§ **Your instructions**
What are the lines, word for word, from the line with "σmag | Comments |" up to and including the line with "Pearl Detail Black" in the records below? Omit the pictures.

§ **Exercise input**
◆ ◆ ◆ ◆ ◆

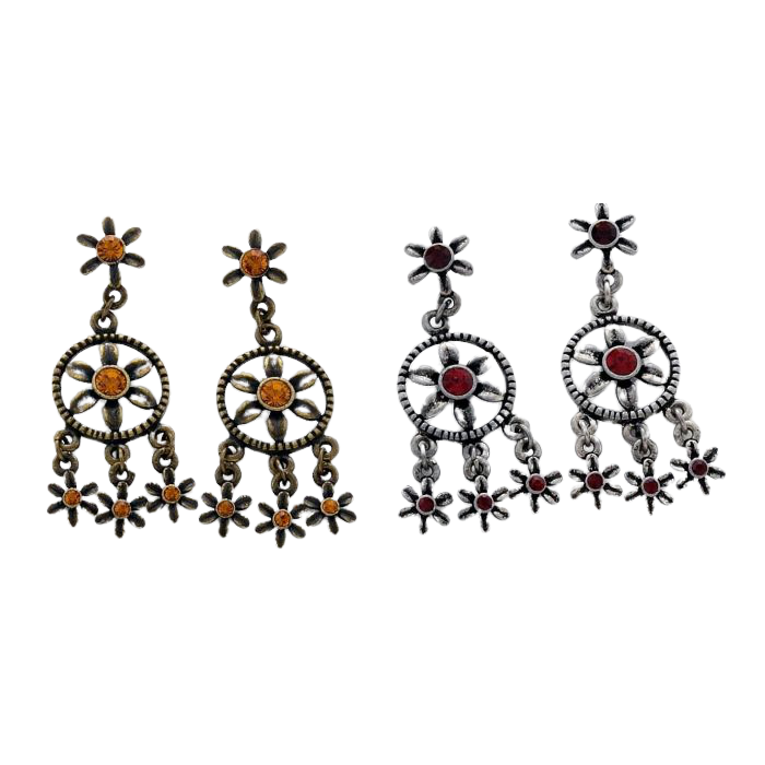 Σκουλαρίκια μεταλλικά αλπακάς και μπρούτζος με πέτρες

◆ ◆ ◆ ◆ ◆

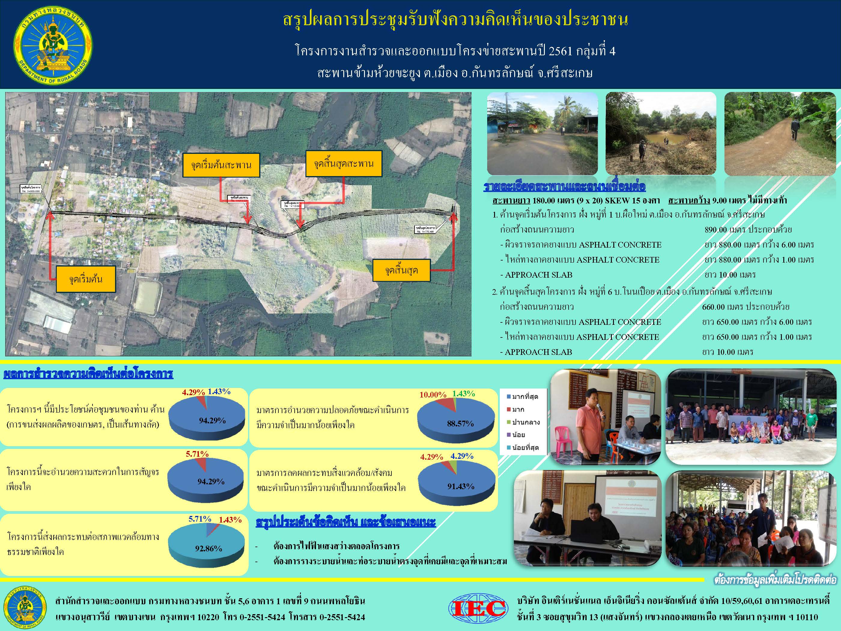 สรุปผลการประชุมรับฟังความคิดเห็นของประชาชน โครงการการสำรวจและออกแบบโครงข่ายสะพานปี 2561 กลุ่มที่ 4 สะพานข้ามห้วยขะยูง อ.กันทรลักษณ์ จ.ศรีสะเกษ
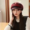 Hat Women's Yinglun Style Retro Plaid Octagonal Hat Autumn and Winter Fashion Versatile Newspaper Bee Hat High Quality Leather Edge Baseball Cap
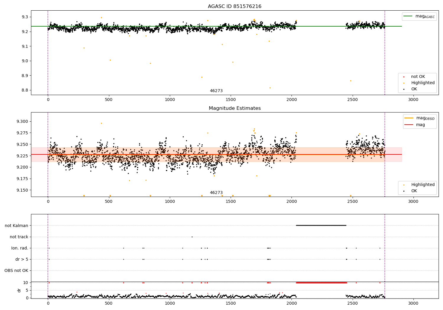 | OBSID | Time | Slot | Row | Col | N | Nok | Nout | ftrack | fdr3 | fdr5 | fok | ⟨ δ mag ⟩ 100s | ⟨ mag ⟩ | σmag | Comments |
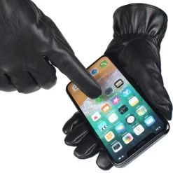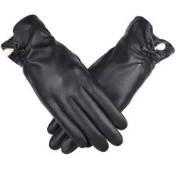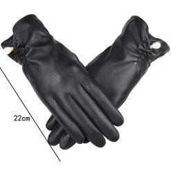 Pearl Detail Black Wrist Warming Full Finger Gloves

◆ ◆ ◆ ◆ ◆

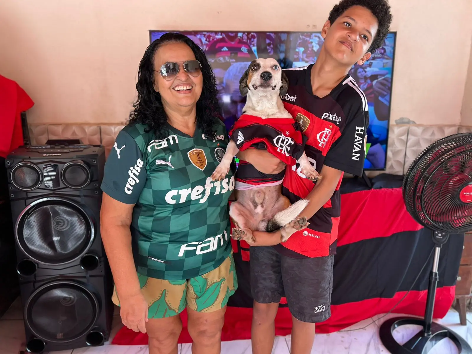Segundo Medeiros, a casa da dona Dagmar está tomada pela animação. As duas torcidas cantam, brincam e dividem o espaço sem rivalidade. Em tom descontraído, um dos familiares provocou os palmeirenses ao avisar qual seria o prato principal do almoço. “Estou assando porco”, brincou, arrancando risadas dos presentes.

◆ ◆ ◆ ◆ ◆

§ **Exercise output**
 | OBSID | Time | Slot | Row | Col | N | Nok | Nout | ftrack | fdr3 | fdr5 | fok | ⟨ δ mag ⟩ 100s | ⟨ mag ⟩ | σmag | Comments |
 Pearl Detail Black Wrist Warming Full Finger Gloves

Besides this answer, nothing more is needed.